The Woman King (2022)

The full list of my favourite films of 2022 is here but I’m posting fuller reviews of my favourites. This big historical action epic comes from the very dependable Gina Prince-Bythewood, one of the better directors working in Hollywood, and it’s a powerful evocation of an era not much seen on screen.


Just to kick things off: I really enjoyed this movie, especially as a big screen cinematic experience. It has an old-fashioned sense of an historical epic, albeit about a little corner of African history that isn’t often represented on-screen (primarily because it doesn’t revolve around white heroes or saviours, and surely the time for patriotic stories of European conquests over tribal peoples has long since passed). But it’s curious that this African story is written by two white women; given the other talent involved I don’t think that meaningfully invalidates any positive representation the film can provide, but it might give a hint as to the way in which the film tends towards a platitudinous Hollywood liberal sense of injustice being righted, as Viola Davis leads her Agojie (the so-called “Dahomey Amazons”) as a righteous force dedicated to eradicating slavery.

Clearly there are experts in this history — of which I am not one, nor are many of the online commentators peddling the criticisms to be fair — who acknowledge that the situation was more complicated than it’s portrayed here.

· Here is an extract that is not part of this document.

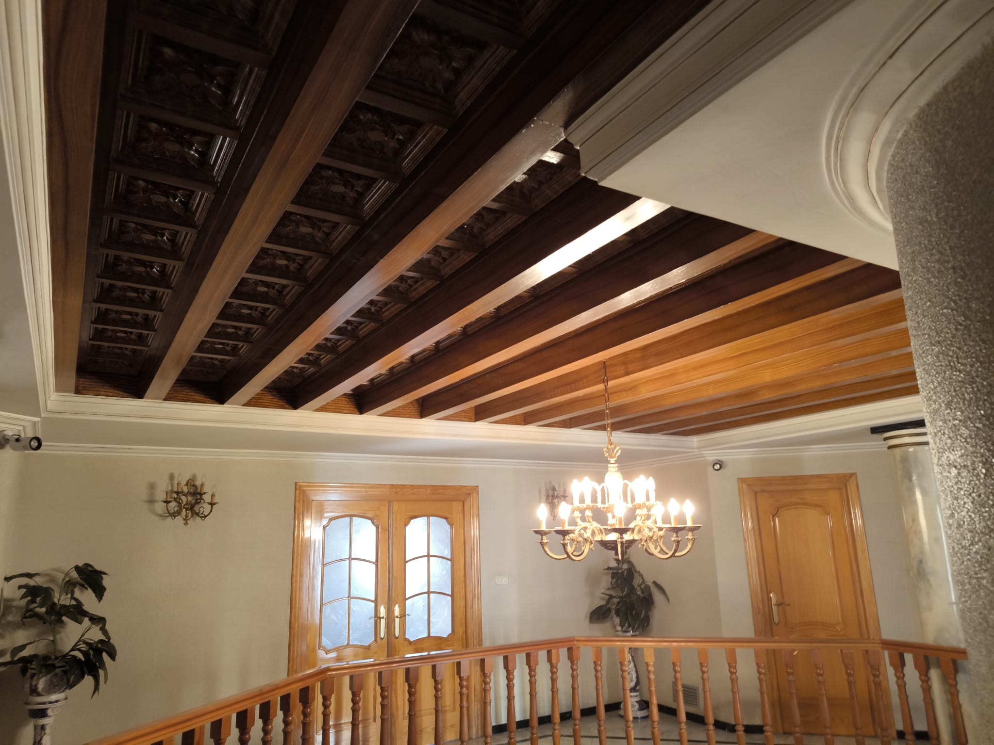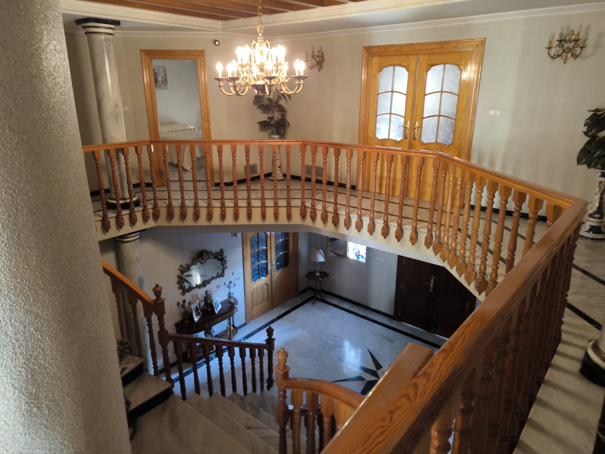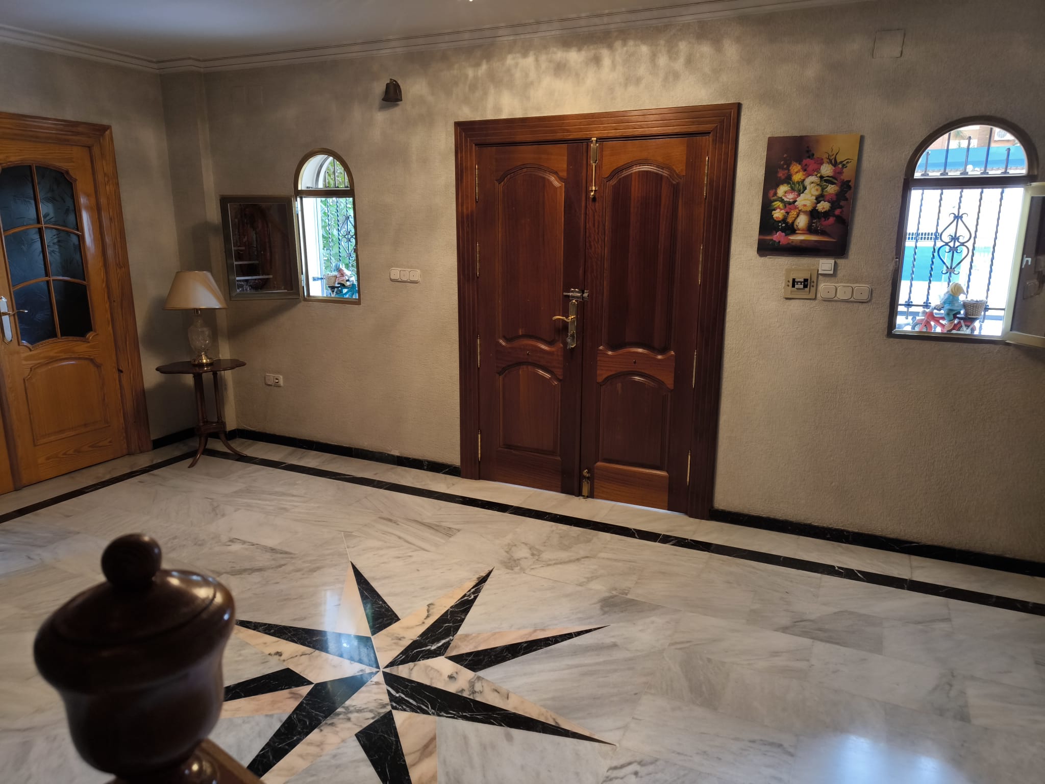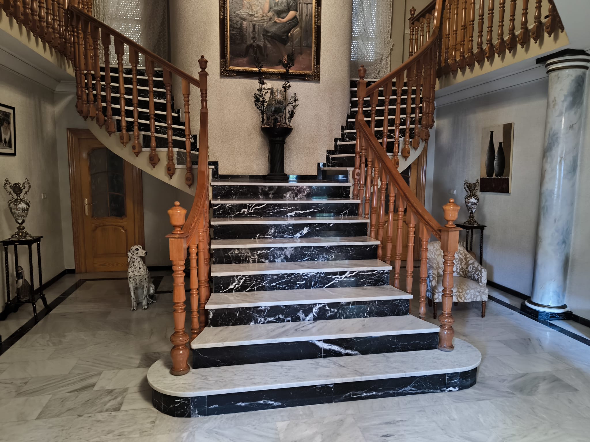 Planta baja: amplio vestíbulo con elegante doble escalinata, gran salón‑comedor dividido en 2 ambientes, despacho o cuarto de plancha, acogedora sala con chimenea, cocina independiente, lavadero y baño completo.

Just my cursory awareness of our modern online world leads me to the understanding that it’s perfectly possible for groups of women to come together to actively promote and defend patriarchal systems of oppression, fascism and hate speech. The film doesn’t deny that the Dahomeys were just as involved in slavery as their enemies, the Oyo Empire. So the feel-good roles of Davis as Nanisca, her second-in-command Izogie (the brilliant Lashana Lynch) and young recruit Nawi (an impressive Thuso Mbedu) may not quite reflect real history, but that’s fine by me because this is primarily a film and an entertainment that hopefully leads people to learn more about this historical time and context.

However, whatever your caveats, it’s undeniably a well put-together epic with the appropriate levels of heart-tugging sentiment and brutal warfare action scenes. Gina Prince-Bythewood has come a long way from Love & Basketball and that sweetly saccharine film The Secret Life of Bees with one of the Fannings in it. She made the fantastic Beyond the Lights and her recent foray into action with The Old Guard was the rare superhero film I actively enjoyed, and so she is not short of directing skill, nor is her team lacking in their ability to both capture the location and people (cinematographer Polly Morgan), or the nuances of the acting — and this in particular seems like quite a departure in the type of role Viola Davis is usually seen in, and she surely deserves some awards love for it. There may be all kinds of ways to criticise it, but I admire any film that tries to tell a bit of history we’ve not seen played out before.

The Woman King (2022) posterCREDITS
Director Gina Prince-Bythewood; Writers Dana Stevens and Maria Bello; Cinematographer Polly Morgan; Starring Viola Davis, Thuso Mbedu, Lashana Lynch, Sheila Atim, John Boyega; Length 135 minutes.
Seen at Light House Cuba, Wellington, Thursday 3 November 2022.

Blackhat (2015)

Critics directed quite a bit of derision towards this new Michael Mann film when it came out last year, and it’s certainly a very odd film in many ways. For a start, most obviously, it’s about computer hacking, a notoriously difficult thing to make visually interesting, though Mann does his best with an opening sequence tracking computer data transfers via swooping CGI shots along lit-up wires and through circuits across the world. More noticeably, he has Chris Hemsworth play our computer-hacking hero Nicholas — perhaps a suspension of disbelief too far for some — who is seen at the start locked up in prison, which can surely be the only excuse for his taut, muscled body. Then on top of this is added a bunch of fairly straightforward action scenes involving running, kicking, jumping, explosions, all the usual stuff, because basically the film quickly moves from the realm of cyber-terrorism to real-world undercover policework, as some FBI handlers are introduced (Viola Davis, most notably) and then Chinese government officials (Leehom Wang as Captain Chen, and Tang Wei as his sister Lien, also an IT specialist, and putative love interest for Nicholas). Setting all this aside — and there’s some slightly patchy pacing on the way as the story develops — it’s actually fascinating for being a mainstream big-budget Hollywood action-thriller which has a genuinely diverse cast. Sure, Bond and Bourne jetted around the world, but they don’t feel as properly international as this film does. My feeling is that opinion will shift over time to regard it rather more positively, as I think it moves the genre in an interesting direction, and there’s rarely so little of interest to most action thrillers.

Blackhat film posterCREDITS
Director Michael Mann; Writers Morgan Davis Foehl and Mann; Cinematographer Stuart Dryburgh; Starring Chris Hemsworth, Wei Tang 湯唯, Leehom Wang 王力宏, Viola Davis; Length 133 minutes.
Seen at home (Blu-ray), London, Saturday 13 February 2016.